One of the poetic manifestations of Hughes’ view of death
is THE CROW. This symbolic animal has been used in different occasions to make
reference to the world of darkness, of death. “Hughes himself was such a mythic
poet. Through myth he had all the intensity and drama of life and death; to
recognisable patterns of human behaviour“.TED HUGHES HOME PAGE.
This way Hughes, as once Poe did with his Raven, seeks
in the roots of his own culture to find a character that could express all the
feelings, all the dark thoughts that a human being could not.
In this poem Hughes makes a series of questions, of
transcendetal questions that seem to have no answer in the real touchable
world, questions that will only find one answer: DEATH. Here we see how
obsessed the mind of a person can be by the repetition of the linguistic
structures, the same than in Poe’s poem. Death is one of the keys to understand
Hughes’ poetry. With these questions he transforms death as the most powerful
being in this world. It is stronger than any kind of feeling:
3 hope, 4 will, 5 love, 6 life.
This way he deletes humanity as independent thinking
subjects. He gives all the power to
Death. He was so fearful so afraid of that unknown element, and his fear was
justified by those tragic events named below.

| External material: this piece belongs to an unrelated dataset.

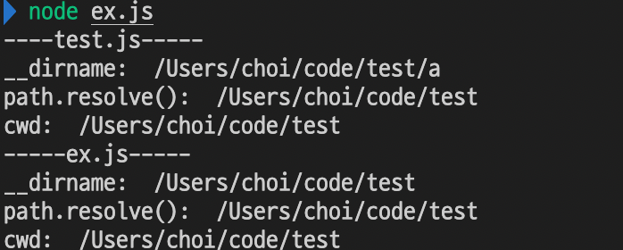 path.resolve()와 process.cwd()는 ex.js의 경로를 나타내고 있다. 즉 entry point 파일의 directory 경로다.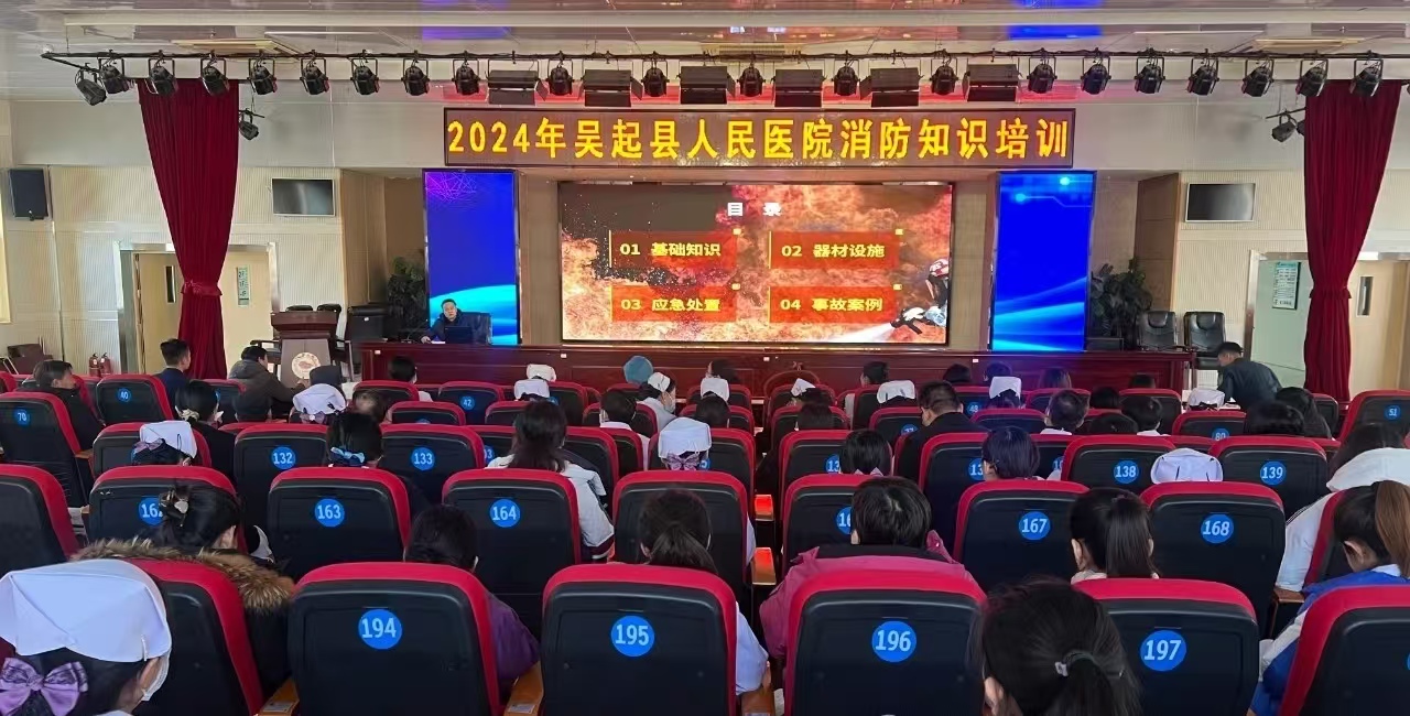 为进一步做好消防安全工作,提升医务人员消防安全意识,增强群众疏散逃生能力,营造平安温馨的就医环境,12月24日下午,吴起县人民医院组织召开2024年消防知识培训会,院党委副书记院长宗德宝,副院长张梅、总会计师雷晓芸及各科室人员、部分保洁人员、住院患者家属参与培训。

Making reference to the real world in the two first
verses, “earth and space”, death becomes the owner of the natural elements,
nature is under his control. Another important aspect we can take from his poem
is that he has a very symbolic and mythological view of Death. He sees it as a
strong powerful element that is present through out all of his life.

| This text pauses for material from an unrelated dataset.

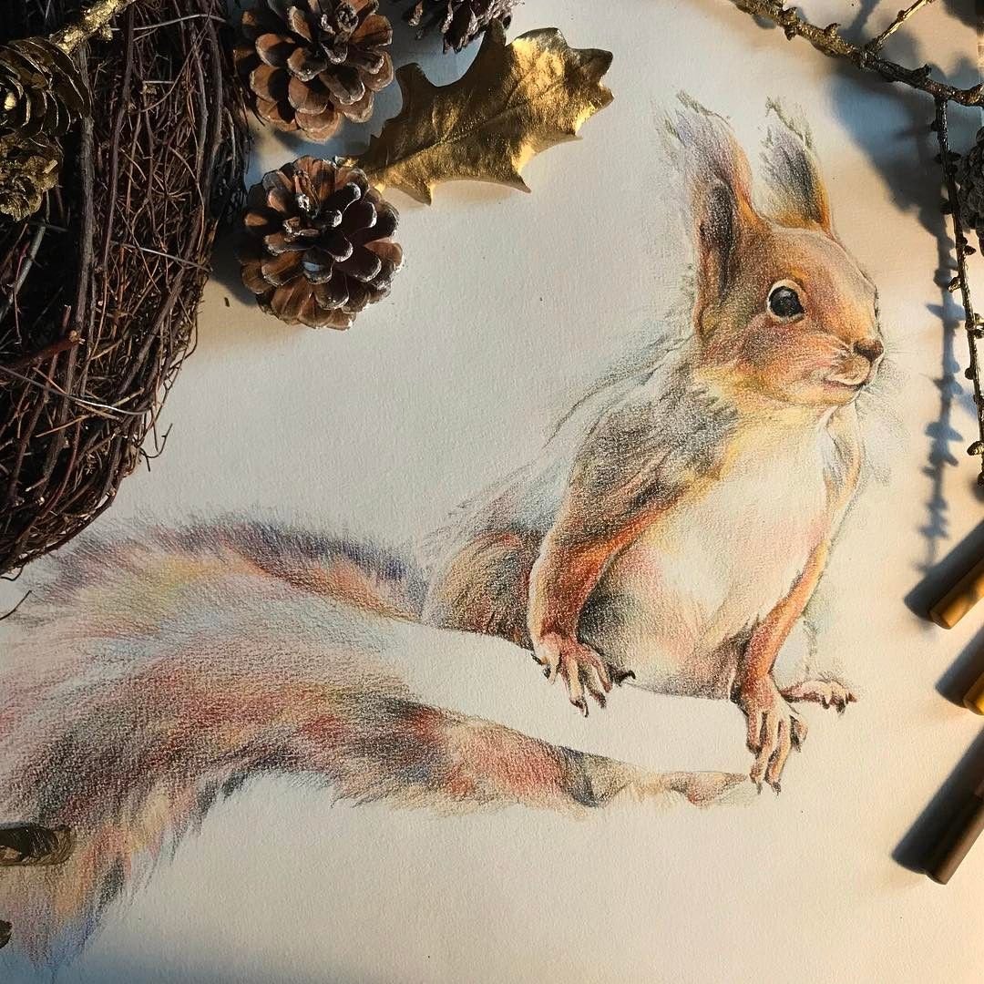 Белочка рисунок карандашом цветным

“Ted Hughes ‘ Crow presents an alternative theological
paradigm that rescues certain elements of Being- in particular the femenine and
the demonic- often repressed within the Christian tradition.” OXFORD JOURNALS.
The only character that can face Death is the Crow,
which is more powerful and stronger. The Crow is a symbol which is between the
world of the living and the dead, that is why it is the owner of the two
worlds.
In co0ntrast to this, Sylvia Plath had a different
view of Death. The poem chosen for analysis is Death. After reading this poem,
the reader gets a feeling of solitude, some kind of loneliness. It is a sad
vision of dead people who fight no more, who have ended their own way in the world.

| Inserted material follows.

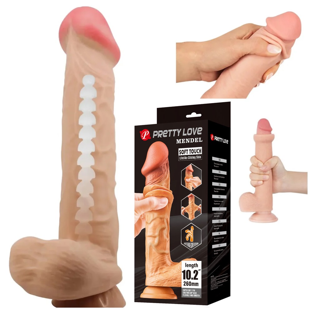 Feito de material de pele deslizante de camada dupla realista para uma sensação de vida, com tecnologia especial de dupla densidade para simular a sensação de um pênis ereto,apresenta uma pele externa macia e interna satisfatoriamente firme.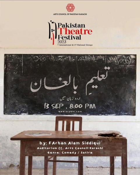 Pakistan Theatre Festival 2023, presented by Arts Council of Pakistan - Ayesha Shoukat - 08-28-2023 Pakistan Theatre Festival 2023, presented by Arts Council of Pakistan, Karachi will showcase Taleem-E-Balighan directed by Farhan Alam and written by Khawaja Moin Uddin. Taleem-E-Balighan - Comic/Satire A thought-provoking play directed by Farhan Alam Siddiqui, being performed at Pakistan Theatre Festival by ACPKHI. The play is a 1956 Pakistani social satire by Khawaja Moinuddin. The play humorously portrays adult education through satire. With its enduring relevance and comedic insights through time, "Taleem e Baligan" remains a cherished piece of Pakistani dramatic history, resonating with audiences even today. Director: Farhan Alam Siddiqui Writer: Khawaja Moin Uddin Cast: Owais, Farhan Rahim, Ajnesh Dodeja, Ali Raza, Shehriyar, Asim Language: Urdu Don't miss out PTF 2023, featuring a dynamic lineup of 7 international and 27 prominent national theatre groups. For an incredible span of 30 days, immerse yourself in the magic of 45 captivating shows, interactive workshops and talks. Explore a global cultural diversity and variety of genres under one roof. The festival will feature plays in various languages, including Urdu, English, Turkish, German, Sinhala, Persian, Punjabi & Sindhi. Date: 13 Sep Time: Gates Open 07:30 PM - Gates Close 07:45 PM Venue: Auditorium 1, ACPKHI Ticket Price: PKR 1000 (for Students: PKR 500) Get Your Tickets from Arts Council orĀ [To see links please register or login] Source: Ticket Wala PK |

The semantic field of the poem is clearly related to
that pessimistic vision of death: 2 couched, 4 lulled, 7 blunder, 7 bed, 9
cradled, … this fills the mind of the reader with passivity, rest, like an
unacoidable end.
But the most important word is 8 Oblivion. Plath sees
Death as the end of thought, and the eternal oblivion, a very sad vision if we
take into account that she ends her lifeby commiting suicide. This bitterness
is expressed in all of her poetry.
But not only oblivion is important in the poem. “Plath
has been considered a deeply honest witer, whose ceaseless self-security has
given an unique point of view to
psychological disorder and to the theme of the feminist-martyr in a patriarchal
society”
In verse 5 we read :”they want no proud paternal
kingdom to come” making direct reference to mthe paternal figure and stating
that, even in life after death, they don’t want to be in the hands of the
masculine symbols and rules.
This way Plath links two basic themes in her poetry as
in her life, which are Death and Feminism. She was one of the first female
poets which got fame during her lifetime as a writer.
The point here is that she evokes Death by describing
an image of dead men, going to lie, to rest, as defeated men who are going to
end in oblivionj, who will be forgotten in time. It is a very sad end, nothing
to do with Hughes’ description of Death, as an almighty being that is beyond
human forces, beyond the natural world. It is a power which is stronger than
anything, than anyone, except for the figure of the Crow, an in-between animal
which observes this world, and the other.
While one writes a very sad expression of her most
intimate feelings and fears, advocating the expected solitude of the dead
bodies travelling to rest in total oblivion, the other one raises the power of
that fundamental and so important element in everyone’s life, which is Death.